研修の2年間とその後のチェコ大使館での勤務、合計して5年間、チェコにどっぷりと浸っていた和田さん。大使館での勤務が始まって、初めての大舞台=初通訳の思い出はと言うと、
「チェコ語ではなくてスロバキア語を通訳しました。」
日本から国会議員一行が国際会議に出席するためにスロバキアを訪れたときでした。当時はまだスロバキアに日本の大使館がなかったため、スロバキアに日本の要人が訪れると、チェコにある大使館が仕事を担当。15人程いた大使館の館員のうち、スロバキア語の専門家は1人だけ、チェコ語の専門家も2人のみ。和田さんも通訳として駆り出されましたが、なんとお相手はスロバキアの観光担当大臣だったそうです。
初めての通訳で、勉強したチェコ語ではないスロバキア語の通訳をするなんて!通訳は単に語学能力だけではなく、テクニックや経験が重要ですから大変なことです。チェコ語とスロバキア語って、そんなに似ているのでしょうか。
「スロバキア語は、書かれた物であれば8割くらいは理解できますが、発音が違います。相手の大臣がゆっくりしゃべってくれたこともあって、なんとかやり遂げることがきました。
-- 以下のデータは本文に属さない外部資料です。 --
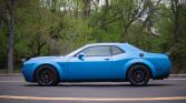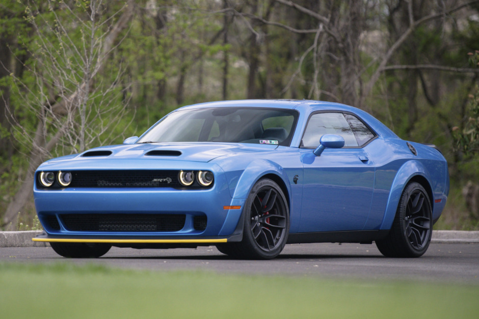 This Dodge Challenger SRT Hellcat Redeye is finished in B5 Blue over black Laguna leather and is powered by a supercharged 6.2-liter V8 paired with an eight-speed TorqueFlite automatic transmission. Features include 20″ wheels, the Technology and Driver Convenience groups, and the Plus, Widebody, Lightweight, and Customer Preferred packages, as well as a sunroof, an SRT Performance spoiler, ventilated front seats, a Uconnect infotainment system, and a Harman Kardon audio system. The car was first sold by Coon Rapids Chrysler Dodge Jeep Ram in Minneapolis, Minnesota and was acquired by the current owner in April 2019.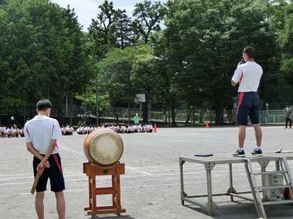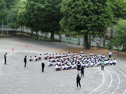 第2回目の全校練習は、「時間を有効に使い、全員が指示を聞き、理解して人任せな動きをしないようにする」というポイントがありました。練習の流れや目的を実行委員長より確認し、練習が始まりました。大繩では、各団ともに最後まであきらめず、一生懸命に跳んでいました。特に3年生の練習から全力で取り組む姿は素晴らしかったです。最後は団ごとに集まり、3年生から大繩の指導がありました。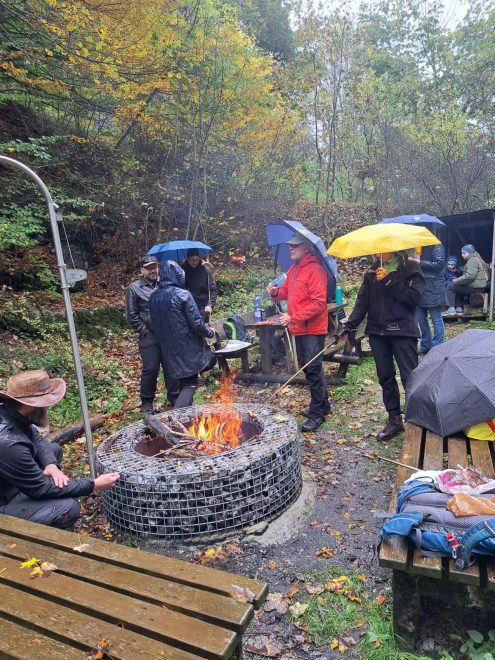 „Da zeigt doch gar kein Wegzeichen hin!“ – „da ist aber ein Weg!“. Wie bei so einigen unserer Wanderungen folgten wir auch jetzt diesem Motto. Also gings den Wald hoch, wir streiften das Landgut Uhenfels, mitten im Wald die Grabstätte von Georg Warburg und erreichten schließlich unsere Grillstelle. Trockenes Holz zu finden war kein leichtes Unterfangen, dennoch gelang es uns (dank der fleißigen Holzsammlerin Claudia), ein wärmendes Feuer zu entfachen. Das Wetter kippte vollends, und wir mussten im Regen grillen.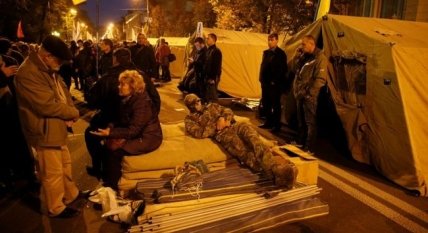 17:40 Участники акции протеста под зданием Верховной Рады в Киеве установили уже 14 палаток на улице Грушевского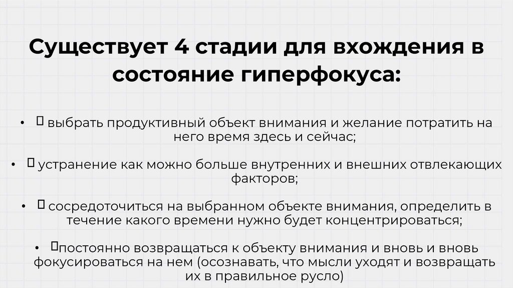 Существует 4 стадии для вхождения всостояние гиперфокуса:

でも、とにかく少ない人数で仕事をしているわけですから、仕方ないですよね。こんなことは良くあることだと先輩に教えられました。」
和田さんにとって、スロバキア語の響きは、「ゆったりしていてかわいい感じ」で、チェコ語の響きはそれに比べて少し平坦な感じがするそうです。
例えば、「何?」を意味する言葉は、チェコ語では「ツォ」、スロバキア語では「チョ」だそうです。町中でがっちりした強面の男の人なんかが、「チョチョチョ?」なんて言っているのを聞くと、つい、「かわいい!」と笑ってしまうとか。
「今でも自分のチェコ語に確信は持てないですよ。やればやるほど奥が深くなって、螺旋階段をくるくる上っていくような感じです。少しずつ上達はしていると思うけど。細かい表現など、取り入れたいものが次々に出てきます。」
これからもネイティブのチェコ語を目指して研鑽を続けて下さい!
12月6日の聖ミクラーシュ(サンタクロース的存在)の日の前日(12月5日)夜は、聖ミクラーシュに扮した人が、天使と悪魔を引き連れて、子どもたちに一年間よい子にしていたか聞いて回り、ご褒美をあげたりする行事があります。
和田さんもアジア版ミクラーシュとして参加したときの写真。
Děkuji Vám(ジェクイ・ヴァーム):ありがとう
Ano(アノ):はい(Yesの意)。初めて聞いた時は、日本語の「あの」を思い出し、不思議な感じでした
Ještě jednou(イエシュチェ・イエドゥノウ):one moreの意。居酒屋では「もう一杯」という意味になるので、チェコにいる間に最もよく使用したフレーズの一つでした。